Improving Accessibility, Harmonisation and Data Linkage in Europe

Event review

On the 15th of February 2024 (14:00 – 16:00 CET), we hosted our 1st Scientific Online Seminar, entitled: “Improving Accessibility, Harmonisation and Data Linkage in Europe”.  The objective of the event was to share methodological advances and perspectives that are being developed in the framework of the project while also dialoguing and learning from practical experience of leading experts.

Follow up

How policy and science can work towards a rich data landscape in Europe, Policy insight from Mapieq project coordinator Janie Erola.

Summary of Content

Our 1st Mapineq Scientific Seminar opened up a space to discuss a variety of topics, examples and recommendations on developments related to administrative register data for the social sciences. Below, a summary of the discussions is presented, illustrated with quotes from the speakers.

Accessibility: How did we get here?

The history of availability and access to anonymised administrative register data for scientific purposes in Europe varies considerably from country to country. While in the Nordic countries it has been possible to access and use individual data covering the whole population of a country since the mid-1980s or 1990s, depending on the country, in others, such as France, access to data has been a slow but successful process, while in the Netherlands it has been a rather fast and efficient process. In other countries, open access has only just begun or is not yet in place. While there are undeniable differences in pace and in the legal complexity of opening up secure access to this type of data, there is a general consensus among experts that the overall story is one of progress and expansion in the availability and use of data.

Speakers repeatedly mentioned the importance of concrete developments to make this happen: 

First, building relationships and trust with data providers and national data protection authorities is essential. Security is always a core element in discussions about providing access to data, and stakeholder dialogue about the importance of access for scientific use of data often helps in the process of providing secure access. In addition, promoting a culture of data sharing and educating the public about what opening up secure data access actually means for citizens is recommended by experts in many countries as a way to facilitate future progress.

Second, collaboration between stakeholders is essential for many reasons, including promoting changes in legislation to enable secure access. In the words of Roxane Silberman: 

We had to change legal frameworks. This is something that is still ongoing and has demanded a lot of effort and collaboration between researchers and national authorities. We had to change different regulations, mostly related to statistical and privacy protection law. We also had the chance to specifically focus on administrative data in the digital law very recently and the possibility to request access for linkage with administrative data for research purposes. Security services providing services were at the core of these developments.” 

Roxane Silberman, Scientific Advisor at the Secure Data Access Center (CASD) and Elected Chair of the European Statistical Advisory Committee (ESAC)

Harmonisation and Data Linkage in Europe: Remarkable achievements in a short span

Examples of rapid and substantial progress in harmonisation and data linkage in Europe were widely shared at the seminar. In the context of the Mapineq project, register data are being complemented by other sources such as contextual information (e.g. environmental indicators such as air pollution, but also policies) and survey data to produce unique research results (for examples, see the Mapineq publications list). In addition, the Mapineq geo-linked inequality database – to be launched in Autumn 2024 – will include institutional and policy measures and a variety of environment, demographic and socio-economic indicators in a single dashboard, with the possibility to link them with micro-level datasets.

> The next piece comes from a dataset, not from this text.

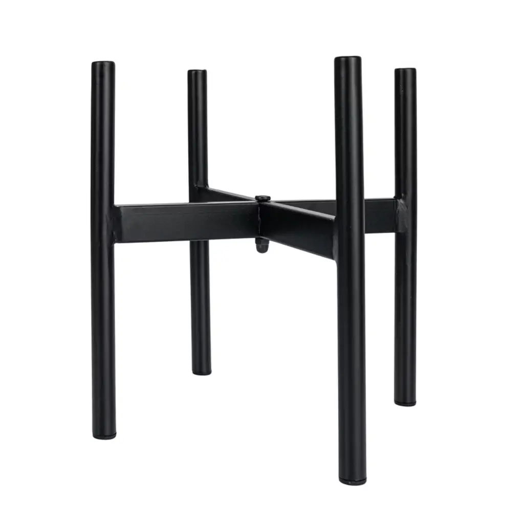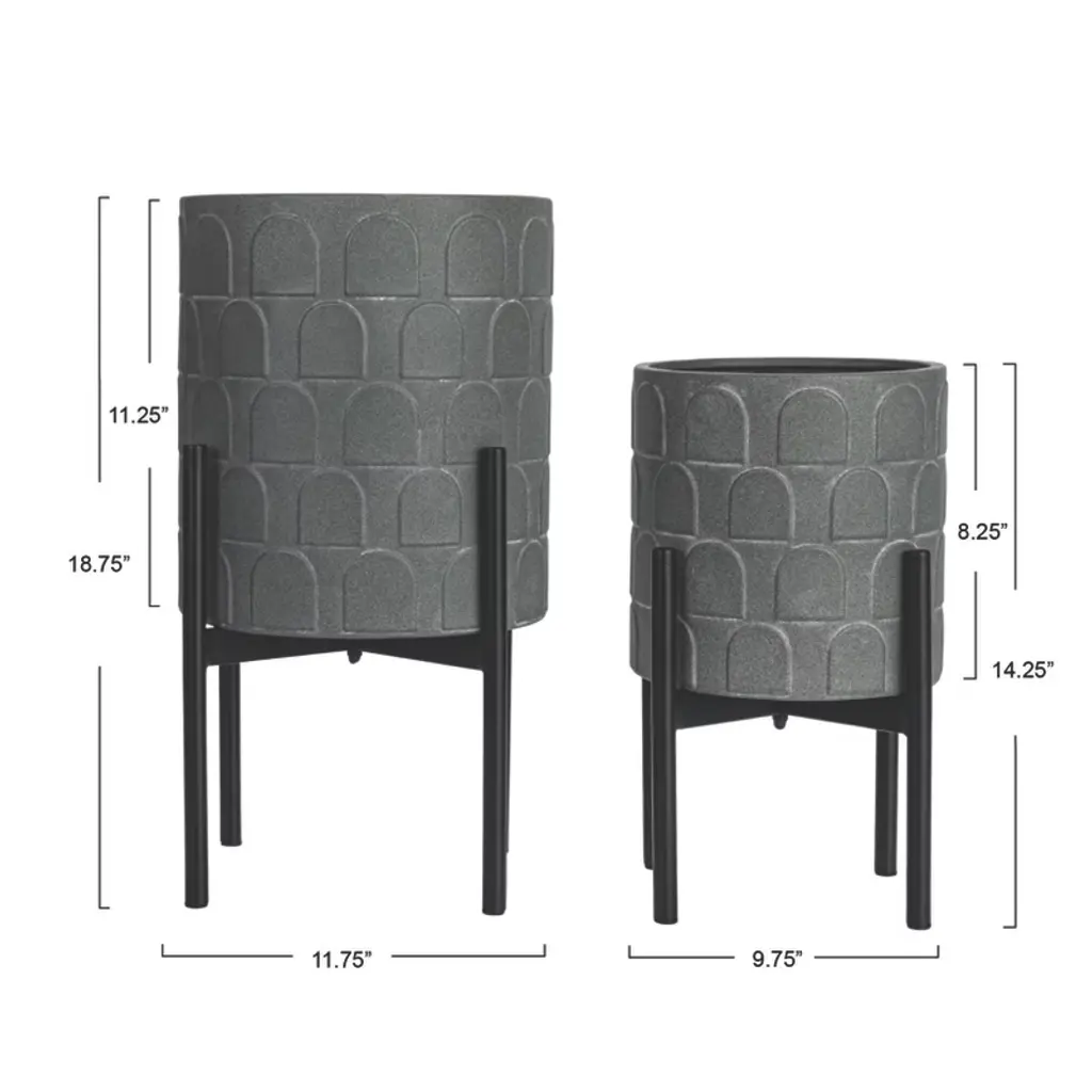 This set of 2 grey metal planters on stand are a stylish and functional addition to the home. These feature a round metal planter with an embossed modern-arch repeat pattern and matte grey finish. Each planter is supported by a black metal stand. These are ideal for placing potted plants such as fiddle leaf figs, money plants, and ferns. This set of 2 planters is a unique and versatile addition to any space, enhancing the aesthetic appeal of the kitchen, living room, or patio.

Siri Eldevik Håberg presented fascinating research from Norway, where linked data from the population register, medical register, education-related individual data, tax-related register, and others were the main data input. Rodosthenis Rodosthenous presented work being done at FinnGen, where experts are collecting and analysing genome and health data from 500,000 Finnish biobank participants. Tina Hinz, in turn, introduced a new data service created for research purposes by the Research Data Centre of the German Federal Office for Migration and Refugees.

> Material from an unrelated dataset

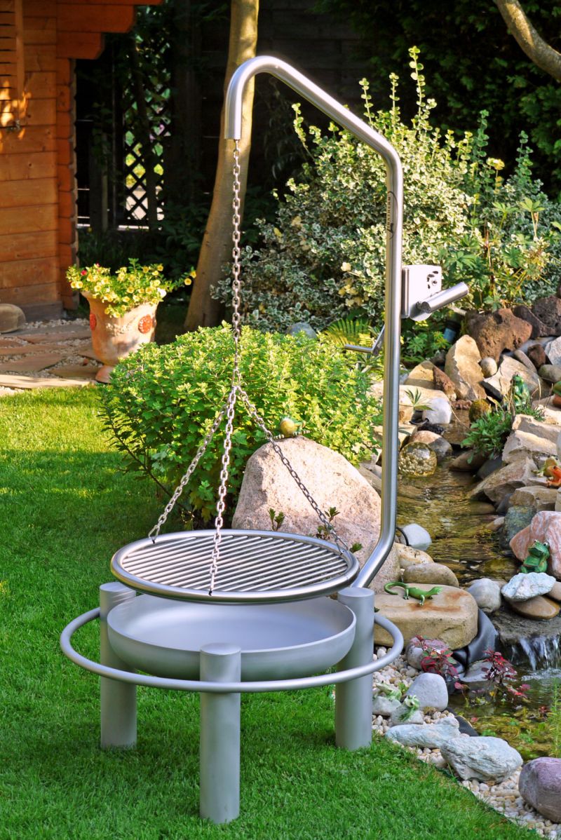 Der Grillgalgen ist leicht nach oben, aus seiner, am Standfuß der Feuerschale angeschweißten Steckverbindung, herausnehmbar. Dadurch ergibt sich auch die Möglichkeit nach dem Grillen die Feuerschale als solche weiter zu benutzen. Der Grillgalgen läßt sich zur Seite schwenken und durch eine montierte Seilwinde aus Edelstahl verstellt man mühelos und sicher in der Anwendung, den Grillrost zum Feuer.

Tom Emery introduced ODISSEI, the Dutch Open Data Infrastructure for Social Science and Economic Innovations. With 45 member organisations – including all social science faculties and economics faculties in the Netherlands – ODISSEI provides access to large, longitudinal data collections that can be linked to register data from Statistics Netherlands (CBS) in a secure environment. This virtual network enables researchers to answer new, interdisciplinary research questions and to investigate existing questions in new ways.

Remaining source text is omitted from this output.